Finally, it was previously shown that median ploidy for cancers with and without WGD were 3.3 and 2.1 respectively (28). Using these delineators, we analysed overall survival of the whole cohort (Fig. 6E) and of late-stage patients (Fig. S10) and identified significant differences in both analyses.
Discussion
Comparing genomic profiles between cancers with high levels of chromosomal instability is challenging.
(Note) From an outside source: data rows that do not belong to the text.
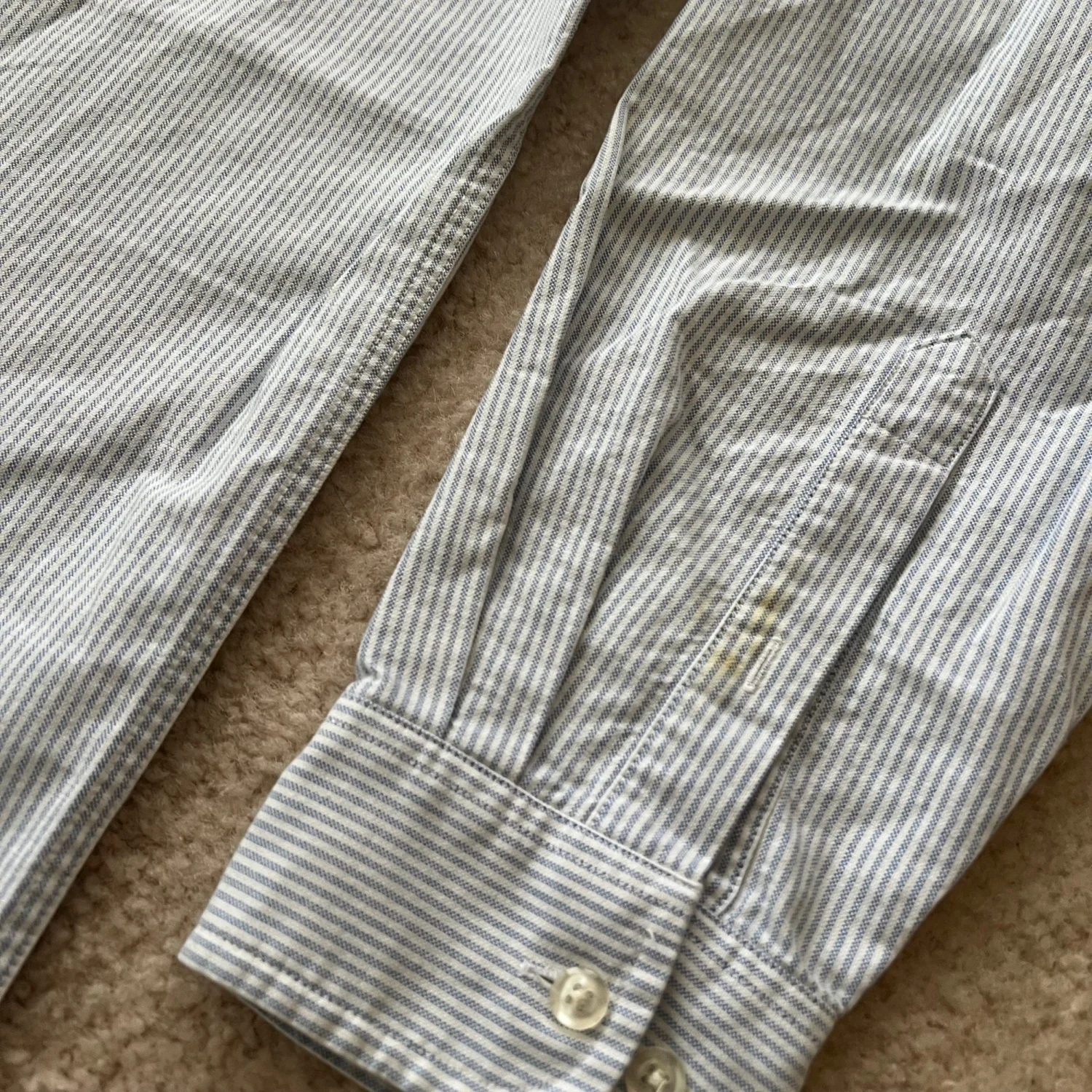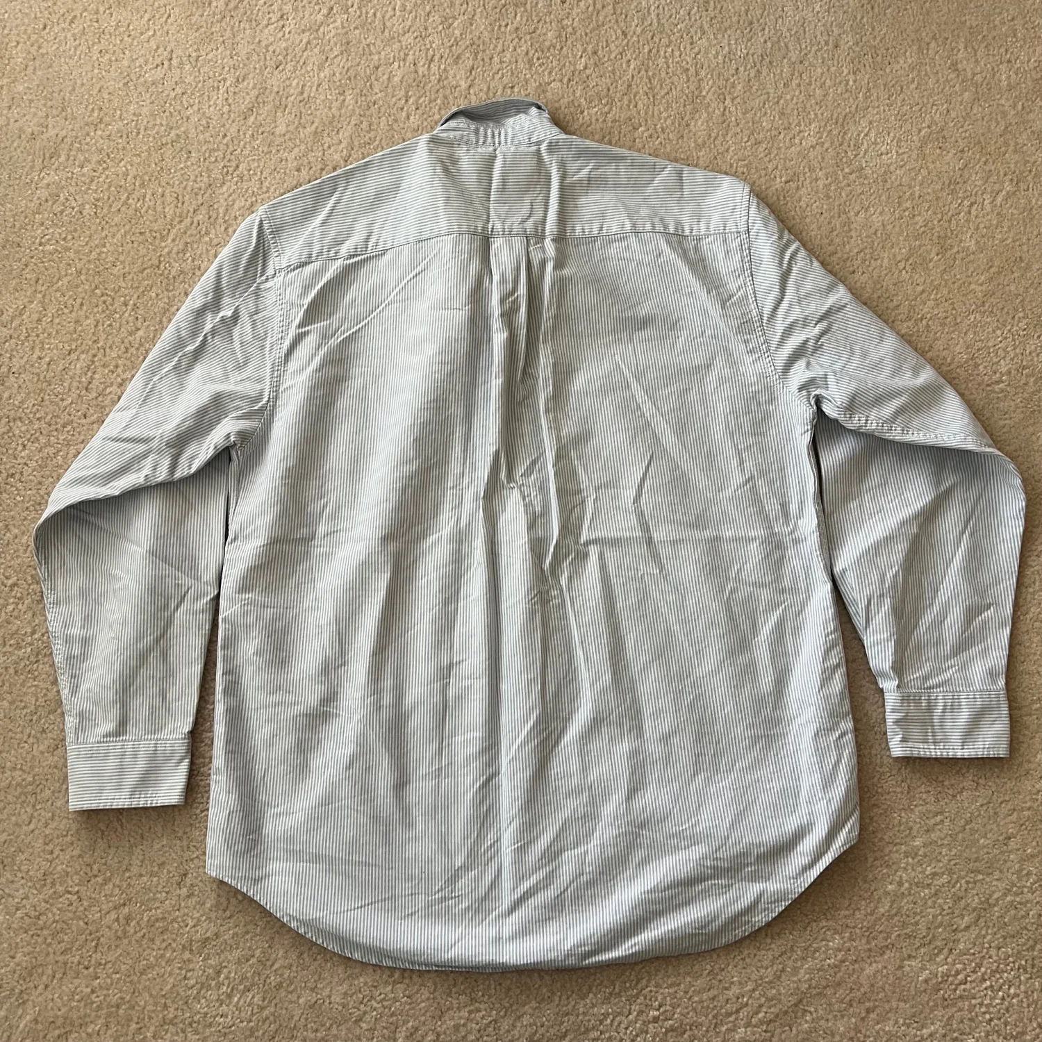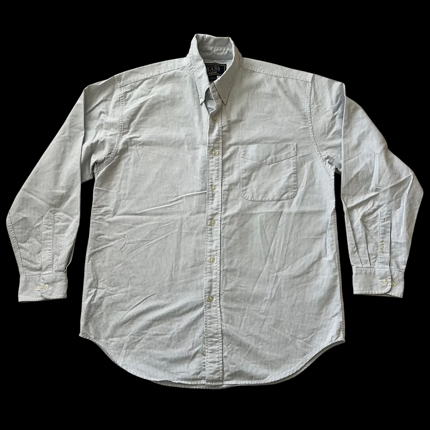 Vintage Men's G.H. Bass & Co. long-sleeve dress shirt in a subtle blue and white striped pattern (Oxford shirt). 100% cotton. Features a classic collar, button-up front, and a single chest pocket. Size: M. (I think it’s an oversized fit). NOTE THE PICTURED STAIN.
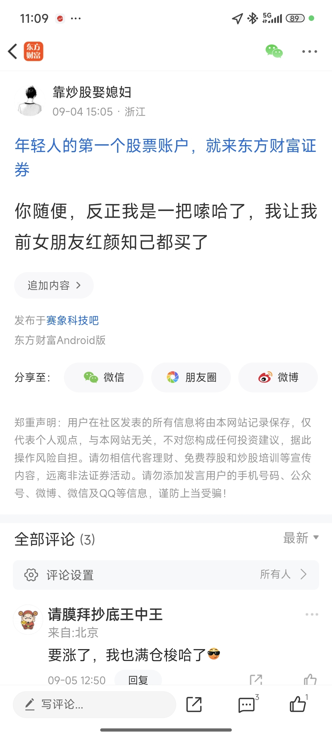 温馨提示: 1.根据《证券法》规定,禁止编造、传播虚假信息或者误导性信息,扰乱证券市场;2.用户在本社区发表的所有资料、言论等仅代表个人观点,与本网站立场无关,不对您构成任何投资建议。用户应基于自己的独立判断,自行决定证券投资并承担相应风险。《东方财富社区管理规定》
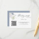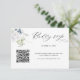 Ladda enkelt upp din egen QR-kod så att gästerna kan söka igenom och OSA online direkt till webbplatsen. Vackert kort med modern manuell kalligrafi inslag och blå och vit blommigt med gröna detaljer. Möjlighet att även lägga till din webbplats adress för dem som föredrar att nå din webbplats på traditionellt sätt. Klicka helt enkelt på knappen "ändra" QR-kod för att ladda upp din egen QR-kod. Tillbaka i blek dammig blå bakgrund färg. Tillgänglig även med rygg i marin eller vit med detaljer om blommigten. En del av vår "Elegant Bliss"-samling med en mängd olika koordinerande inbjudningar, inmatningskort, OSA kort, tillbehör för utskick, spara datumen, tack vare kort och händelsemärkecken och produkter.
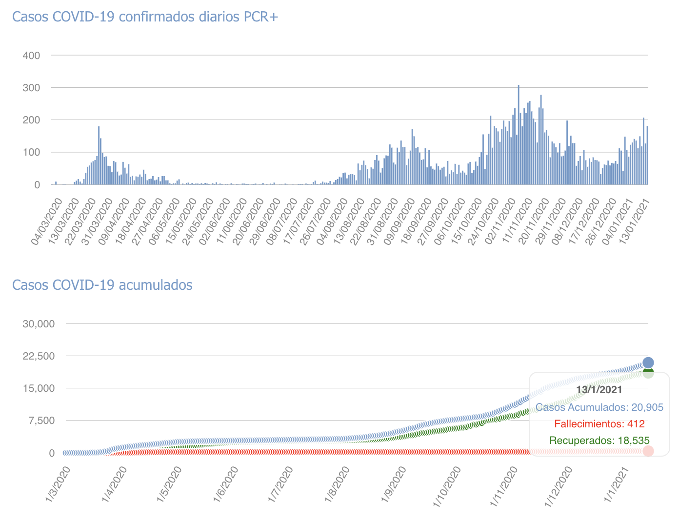 Os dejamos la tabla con los últimos datos facilitados por Sanidad, sumados los de ayer miércoles 13 de enero de 2021 hasta las 23:59h.
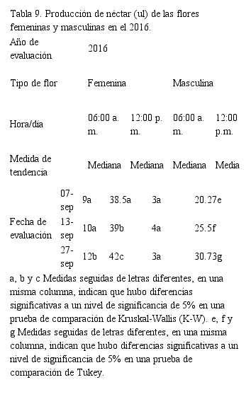 La producción de néctar en unidades volumétricas fue evaluada en las flores femeninas y masculinas el día de antesis, en los años 2015 y 2016. El muestreo se realizó en una flor femenina y en tres masculinas por planta, evaluando 10 plantas por día y en 3 días no consecutivos considerando la hora de apertura y cierre floral (6:00 a.m. y 12:00 p.m. aproximadamente) durante el periodo de floración. Con una micro pipeta se colectó todo el volumen del néctar contenido en los nectarios de la flor (Nepi et al., 1996).
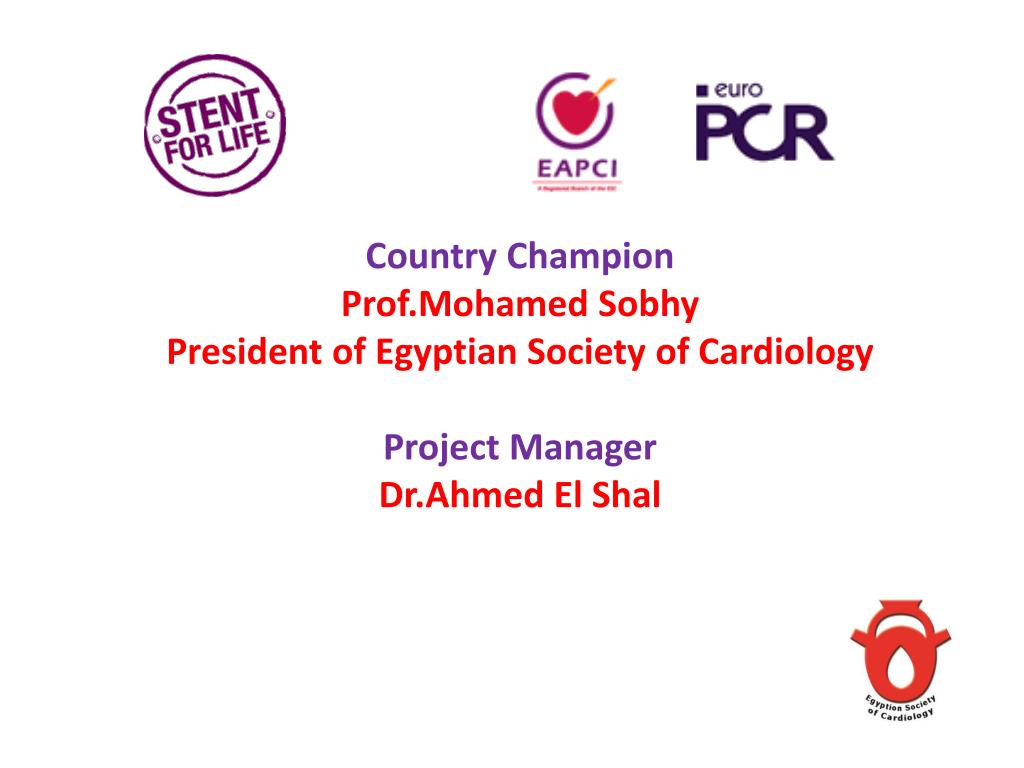 Country Champion Prof.Mohamed SobhyPresident of Egyptian Society of CardiologyProject Manager Dr.Ahmed El Shal

We have previously developed copy number (CN) signatures that deconvolute copy number features from whole genome analysis to identify the underlying mutational processes that shape the genome. In this manuscript, we have used novel methods to compare CN signature exposures and reveal significant genomic differences between early- and late-stage HGSC. This is clinically important because the large majority of patients with HGSC have advanced disease at the time of diagnosis, reflecting the ease with which HGSC disseminates from the fallopian tube throughout the peritoneal cavity. An important question is whether early-stage HGSC is identified fortuitously through early development of symptoms or whether they have discrete characteristics that reduce the likelihood of peritoneal dissemination, and whether late-stage samples have acquired evolutionary fitness that facilitates metastatic spread.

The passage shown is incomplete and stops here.